## Directions for this task
Exactly the lines from the beginning of the records to the line with "मुख्यमंत्री हेमंत सोरेन ने झारखंड", both ends included, are to be given again, and pictures are to be left out.

(Saved entries)

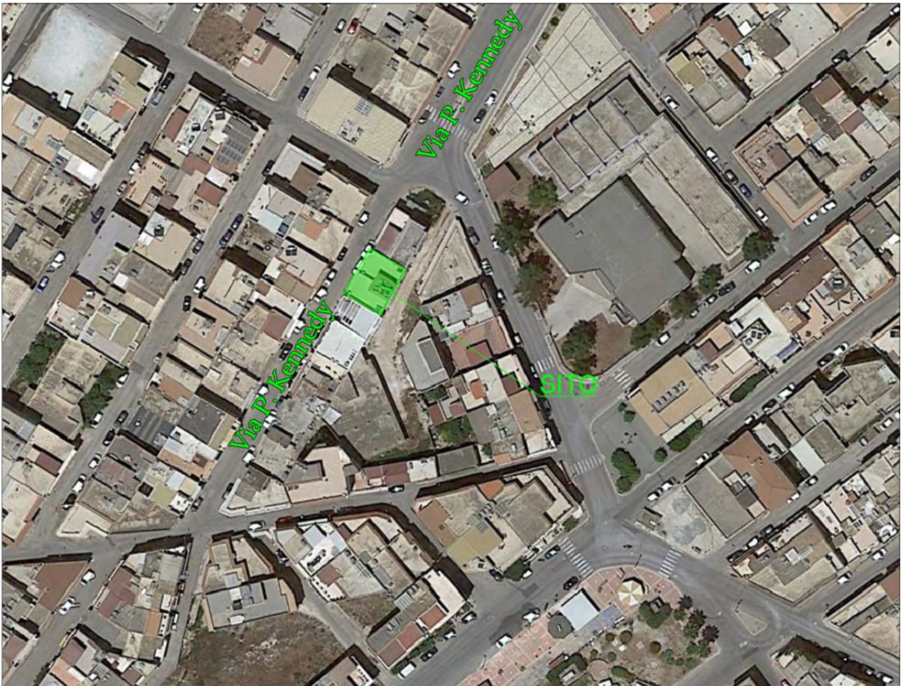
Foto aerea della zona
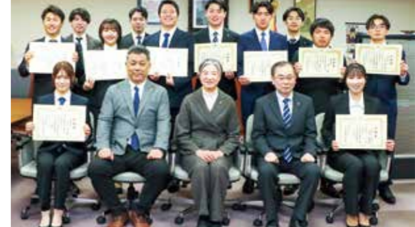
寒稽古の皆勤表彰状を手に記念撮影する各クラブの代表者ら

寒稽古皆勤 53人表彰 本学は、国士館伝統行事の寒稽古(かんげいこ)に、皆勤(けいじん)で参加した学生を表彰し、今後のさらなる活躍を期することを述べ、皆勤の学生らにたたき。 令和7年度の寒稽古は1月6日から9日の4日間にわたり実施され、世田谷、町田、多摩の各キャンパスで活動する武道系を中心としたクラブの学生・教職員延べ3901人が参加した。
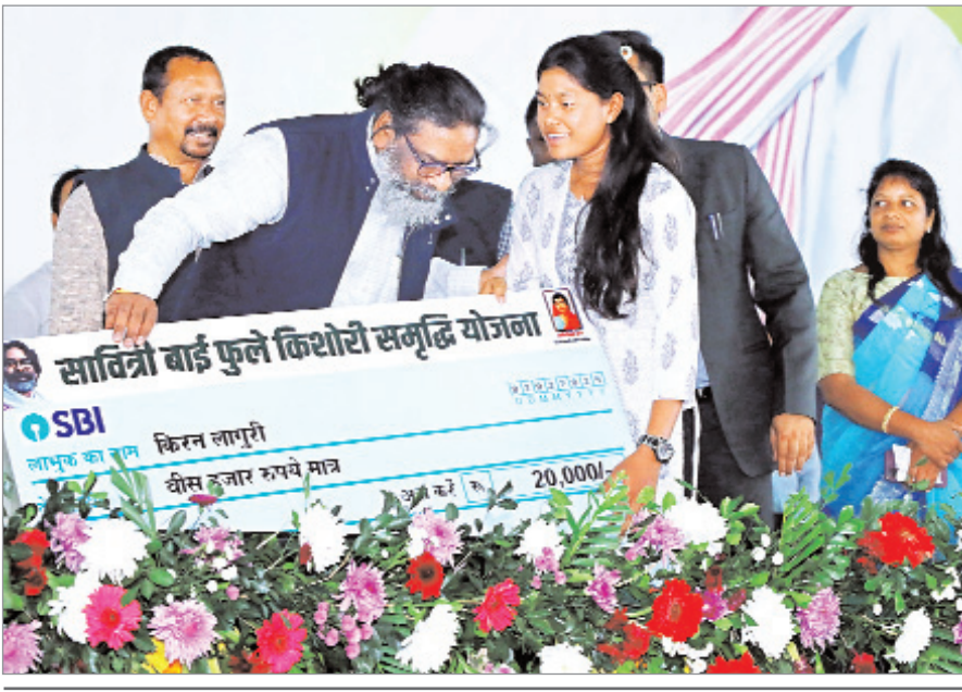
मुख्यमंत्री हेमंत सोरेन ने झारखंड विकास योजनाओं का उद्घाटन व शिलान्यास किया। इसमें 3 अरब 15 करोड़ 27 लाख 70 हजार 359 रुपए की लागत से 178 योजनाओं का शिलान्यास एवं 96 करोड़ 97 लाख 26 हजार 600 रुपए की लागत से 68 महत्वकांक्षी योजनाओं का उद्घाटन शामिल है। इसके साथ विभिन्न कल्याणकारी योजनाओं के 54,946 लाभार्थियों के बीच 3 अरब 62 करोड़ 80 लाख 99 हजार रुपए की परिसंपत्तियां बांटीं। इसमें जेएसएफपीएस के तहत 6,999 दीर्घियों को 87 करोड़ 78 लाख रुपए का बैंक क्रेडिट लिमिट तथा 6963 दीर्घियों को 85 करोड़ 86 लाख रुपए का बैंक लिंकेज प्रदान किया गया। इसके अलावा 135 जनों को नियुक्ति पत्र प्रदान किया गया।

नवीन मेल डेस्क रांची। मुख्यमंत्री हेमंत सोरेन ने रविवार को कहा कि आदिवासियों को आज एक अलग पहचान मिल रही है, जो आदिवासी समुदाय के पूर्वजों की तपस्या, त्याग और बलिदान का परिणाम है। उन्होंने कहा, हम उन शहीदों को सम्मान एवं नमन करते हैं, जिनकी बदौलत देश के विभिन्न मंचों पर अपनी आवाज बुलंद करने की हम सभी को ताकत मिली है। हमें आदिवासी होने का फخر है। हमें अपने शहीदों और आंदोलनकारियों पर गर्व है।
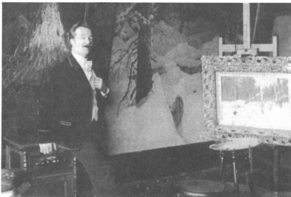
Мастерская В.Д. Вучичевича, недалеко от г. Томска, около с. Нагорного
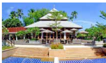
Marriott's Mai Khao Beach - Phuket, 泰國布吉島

## Solved problem
Foto aerea della zona
寒稽古の皆勤表彰状を手に記念撮影する各クラブの代表者ら

寒稽古皆勤 53人表彰 本学は、国士館伝統行事の寒稽古(かんげいこ)に、皆勤(けいじん)で参加した学生を表彰し、今後のさらなる活躍を期することを述べ、皆勤の学生らにたたき。 令和7年度の寒稽古は1月6日から9日の4日間にわたり実施され、世田谷、町田、多摩の各キャンパスで活動する武道系を中心としたクラブの学生・教職員延べ3901人が参加した。
मुख्यमंत्री हेमंत सोरेन ने झारखंड विकास योजनाओं का उद्घाटन व शिलान्यास किया। इसमें 3 अरब 15 करोड़ 27 लाख 70 हजार 359 रुपए की लागत से 178 योजनाओं का शिलान्यास एवं 96 करोड़ 97 लाख 26 हजार 600 रुपए की लागत से 68 महत्वकांक्षी योजनाओं का उद्घाटन शामिल है। इसके साथ विभिन्न कल्याणकारी योजनाओं के 54,946 लाभार्थियों के बीच 3 अरब 62 करोड़ 80 लाख 99 हजार रुपए की परिसंपत्तियां बांटीं। इसमें जेएसएफपीएस के तहत 6,999 दीर्घियों को 87 करोड़ 78 लाख रुपए का बैंक क्रेडिट लिमिट तथा 6963 दीर्घियों को 85 करोड़ 86 लाख रुपए का बैंक लिंकेज प्रदान किया गया। इसके अलावा 135 जनों को नियुक्ति पत्र प्रदान किया गया।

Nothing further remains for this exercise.